Joshua Tree Diary: The Road to Wonder Valley

[Amboy Road…to Wonder Valley.  Photo is mine.]

I’m driving from Joshua Tree to Twentynine Palms.  I turn left on Adobe Drive.  Ahead of me is the largest U.S. Marine Training Base in the world.  I don’t go there.  I turn right on Amboy Road and pass the RV campground where we spent a week in 2016.  We pass by and have memories of our stay there.  Then I pressed the foot to the metal and headed east…toward the Mojave desert…and Wonder Valley.

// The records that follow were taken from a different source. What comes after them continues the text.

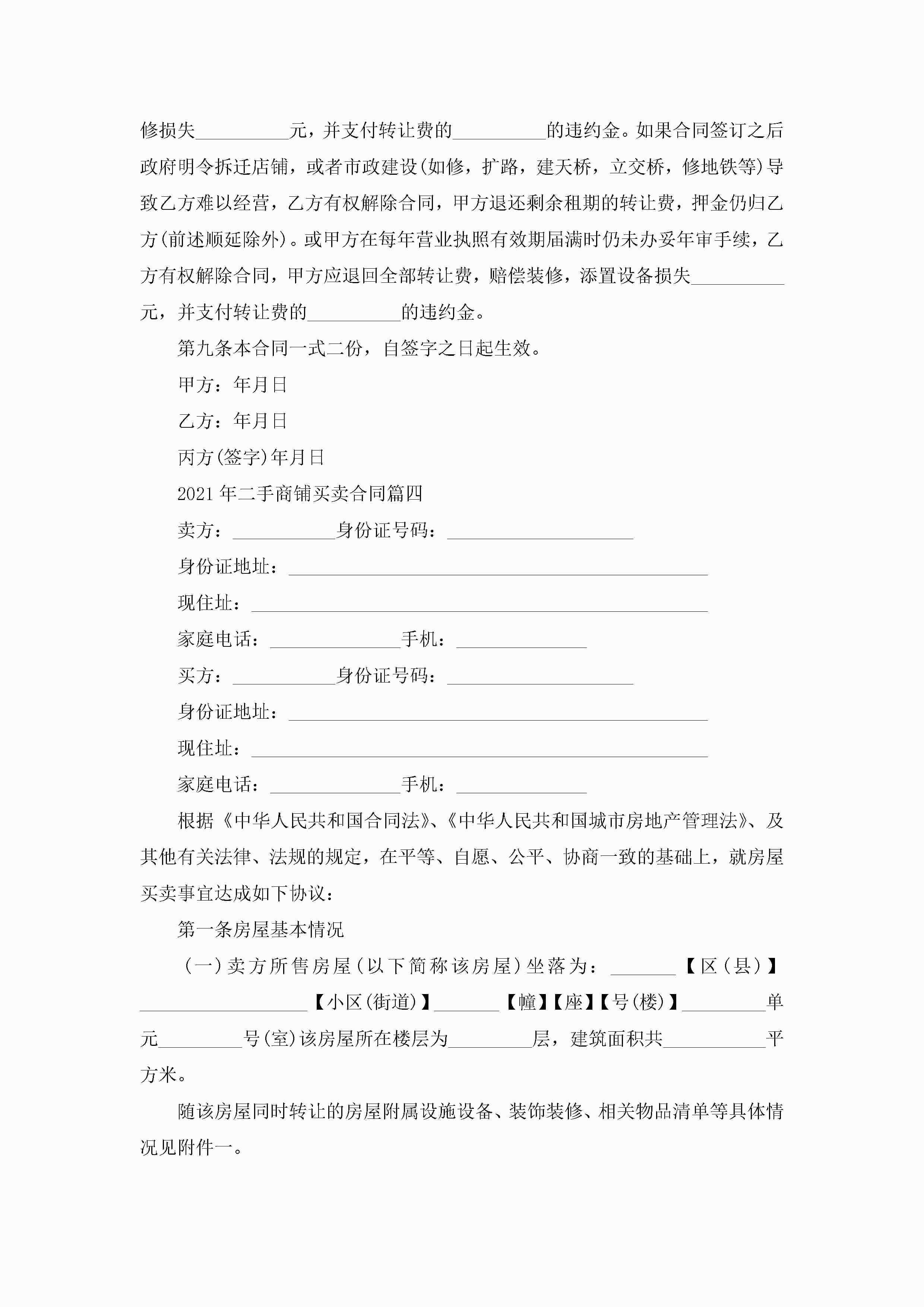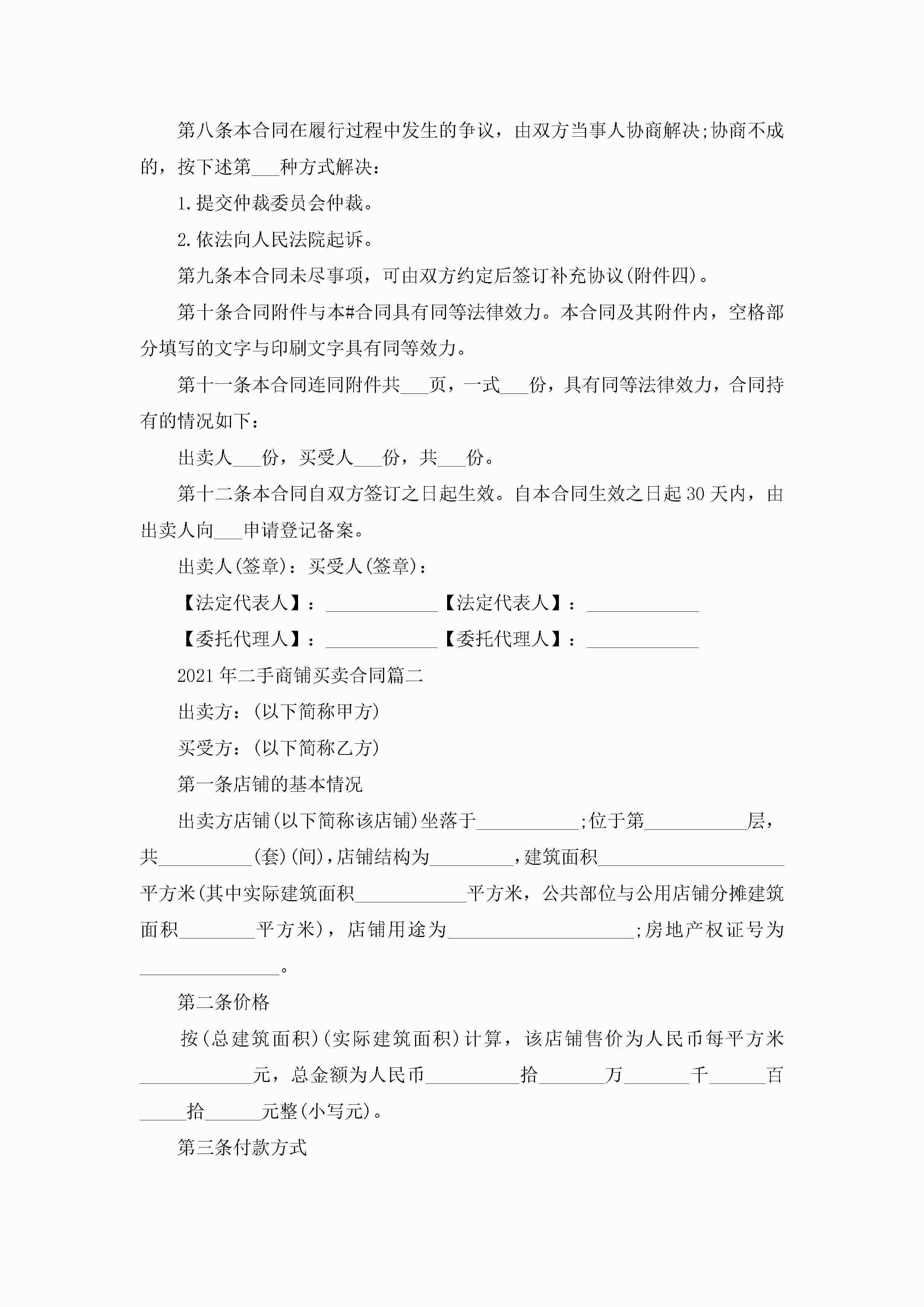 2022年二手商铺买卖合同范本5篇最新jugei3月23日 01:37发布关注184 2022年二手商铺买卖合同范本5篇最新此内容为付费资源,请付费后查看¥10.9 单篇文档限时特惠¥15个人会员开通企业会员开通立即下载无需登陆!可直接快捷下载单个模板付费资源© 版权声明THE ENDWord模板# 实用文档# 实用模板# 合同模板# 买卖合同 如有问题,可点击最底部“联系我们”联系客服 分享QQ空间微博QQ好友海报分享复制链接收藏
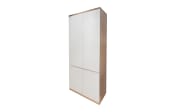Ausführung mit Korpus aus Asteiche und Front in seidengrau lackiert, 2 Türen mit Griffleiste aus Vinylharz, Softclose Funktion, 6 Einlegeböden, 1 ausziehbare Kleiderstange,
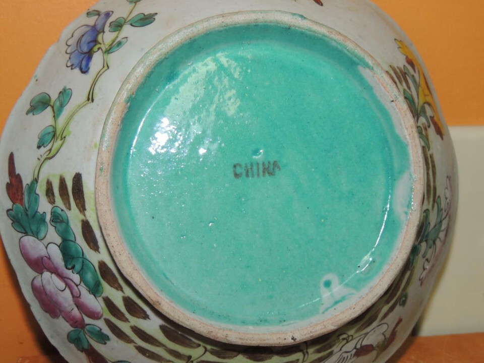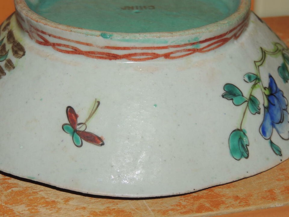 Chinese 8" Hand Painted Bowl Antique Qing 19th Lobed Footed Rooster marked CHINA

I’ve been down this road before.  We left the aforementioned RV park and drove down the Amboy Road.  I thought at the time, seeing the increasingly isolated adobe houses, churches and trailers that nothing legal was going on out there.

I was wrong.  At least to my knowledge.

I wouldn’t be writing this blog and revisiting this place if I had not run across an article in the New York Times digital edition on my iPhone.  A writer from LA, Ivy Pochoda, had an article in the Travel section about “getting lost” in Wonder Valley and the music of the absolute quiet.

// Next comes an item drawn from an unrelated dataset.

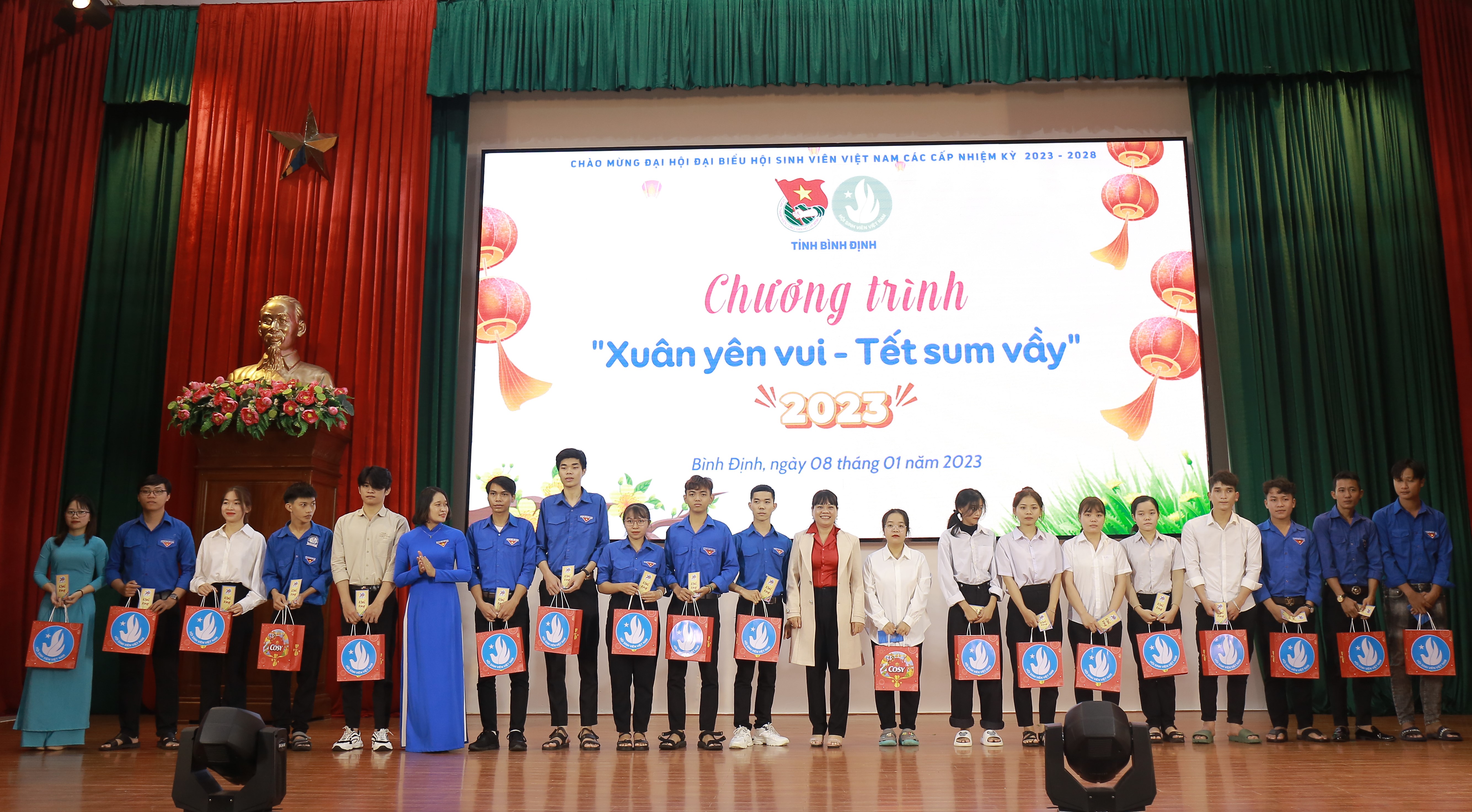 Nhân dịp Tết Nguyên đán Quý Mão năm 2023, Ban Thư ký Hội Sinh viên Việt Nam tỉnh trao tặng 60 suất quà Tết cho các bạn học sinh, sinh viên có hoàn cảnh khó khăn đạt thành tích cao trong học tập, góp phần giúp các bạn có một năm mới với nhiều niềm vui, nhiều sức khỏe, nhiều động lực và nhiều thành công hơn.

I had to revisit the place that I saw on my drive through in 2016.  I’m glad I went back.

This is not to say that I got to know the few residents…I didn’t.  But I spent a few hours in the Palms Restaurant that I glimpsed in ’16.  This time I was serious.  I wanted the storied french fries and have a mug of the only beer that was on tap…Pabst Blue Ribbon.  I haven’t had a PBR in forty years.  The fries were fabulous.  We watched King of Kings on the TV…an Easter movie in the days before Christmas?!

[Photo is mine.]

We chatted with the soft-spoken bartender, Kevin, to try to get a sense of what it was like to live out here where nothing takes on a whole new meaning.  Take my advice: if you want isolation and to get off the grid…go to Wonder Valley.  But, it isn’t all sand and sage.  The Palms has a very active social calendar.  Sunday brunch  usually finds the place filled.

The Palms Restaurant is a world unto itself.  There is a backyard dining area where summer concerts (cowboy music, mostly likely) is played on a funky stage.  The food is outstanding and very inexpensive.

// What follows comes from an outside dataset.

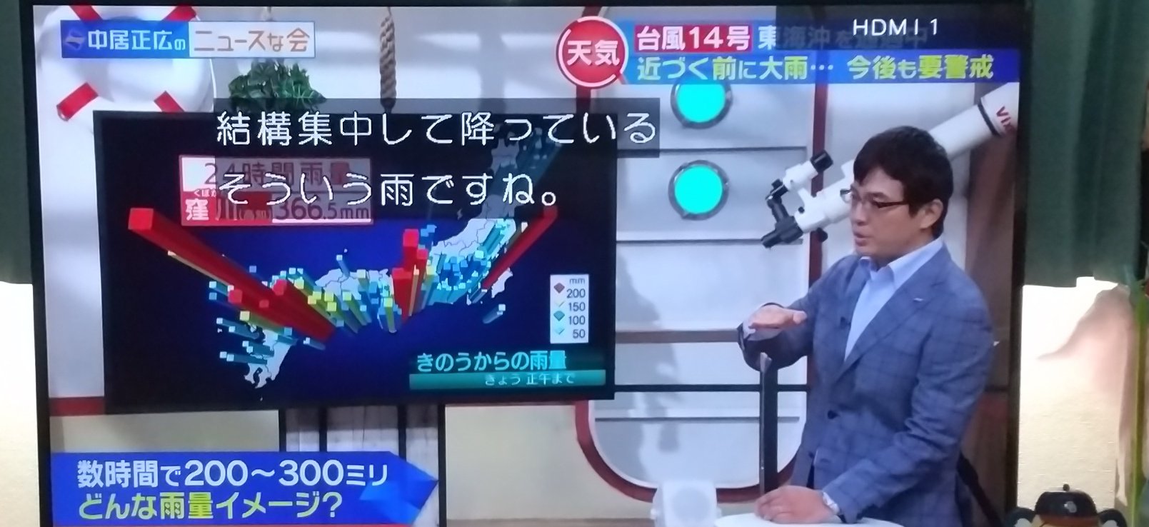 24時間366mmの雨量って実はよくわからないところを中居MCがスルーせずに追及w 「しみ込まなければ36cmくらいの雨がたまった状態」って格段にわかりやすくなった。
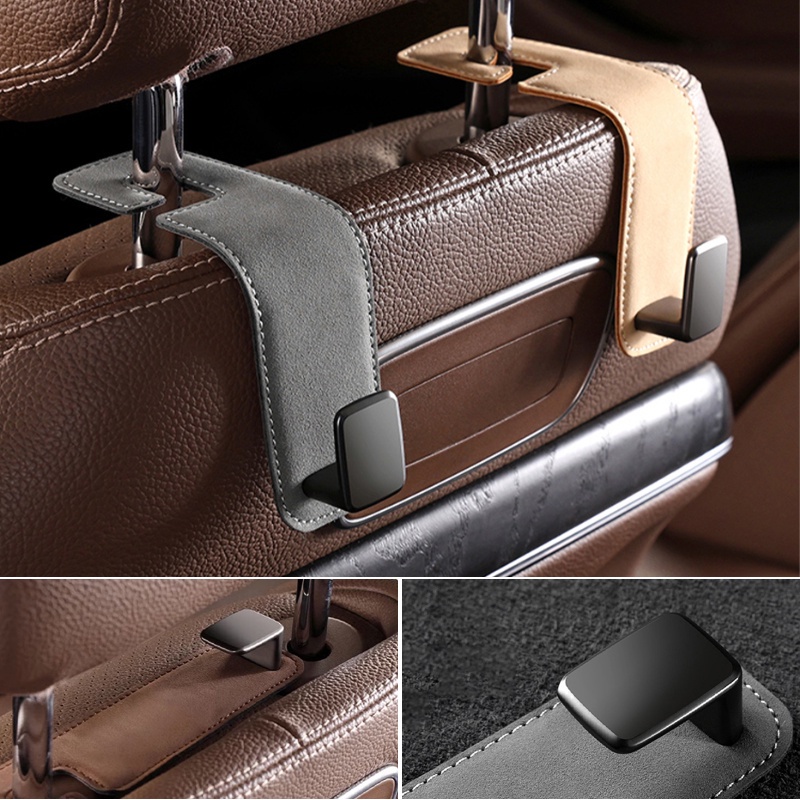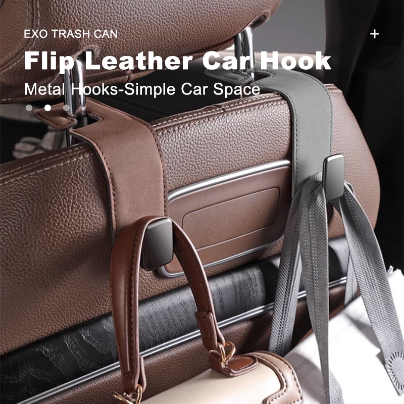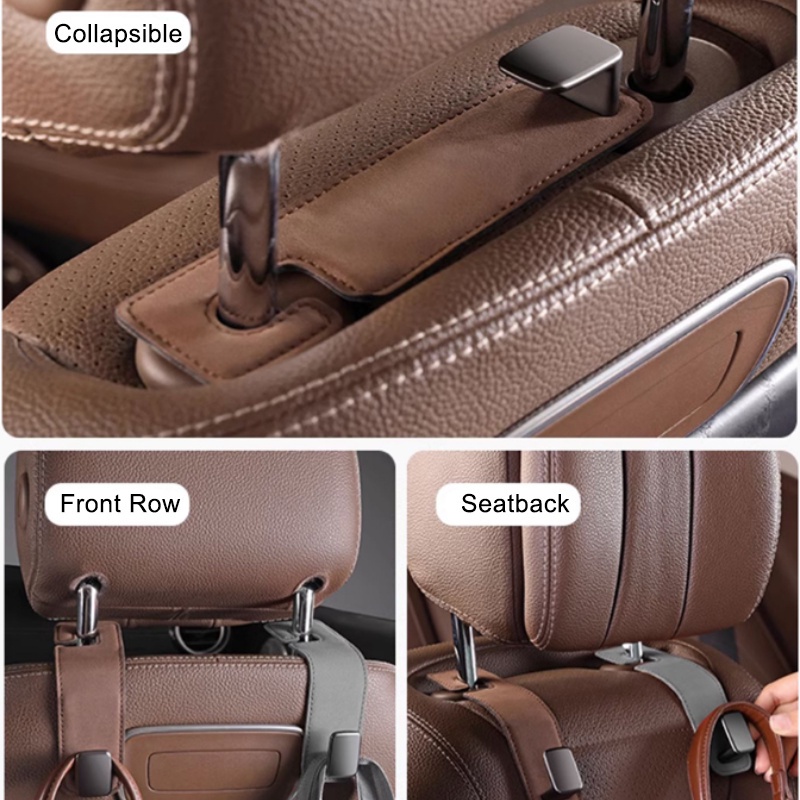 SEAMETAL Car Seat Headrest Hook Leather Metal Hook Storage Hanger Car Back Seat Foldable Hidden Hook Universal Car Interior Accessories

[The backyard of the Palms. Photo is mine.]

 

There is a newsletter called the Sand Paper which connects the widely spaced residents of the Valley.  Many musicians and artists make this their home.  More than a few of them have painted the many murals on the sides of buildings in 29 Palms.

It is a kind of an oasis in Wonder Valley.  Along Amboy Road are leftover homes and spooky desert shacks.

[Along Amboy Road. Photo is mine.]

[Yet another reminder of days gone by. Photo is mine.]

I probably could live out here…in Wonder Valley.  Mariam definitely could not.  But, there’s a peace and openness that has eluded me in the Northeast USA.  The sky is endless and almost always clear.

There is the waxing moon.  I could see the Milky Way nearly every night.  In the winter, one needs one of those down ‘sweaters’ to fend off the night chill.

There’s something about the desert that attracts me.  Out in the emptiness, you rely on yourself and your neighbors.

And your trust in your own skills of dealing with isolation and that big void of land and the clear night sky.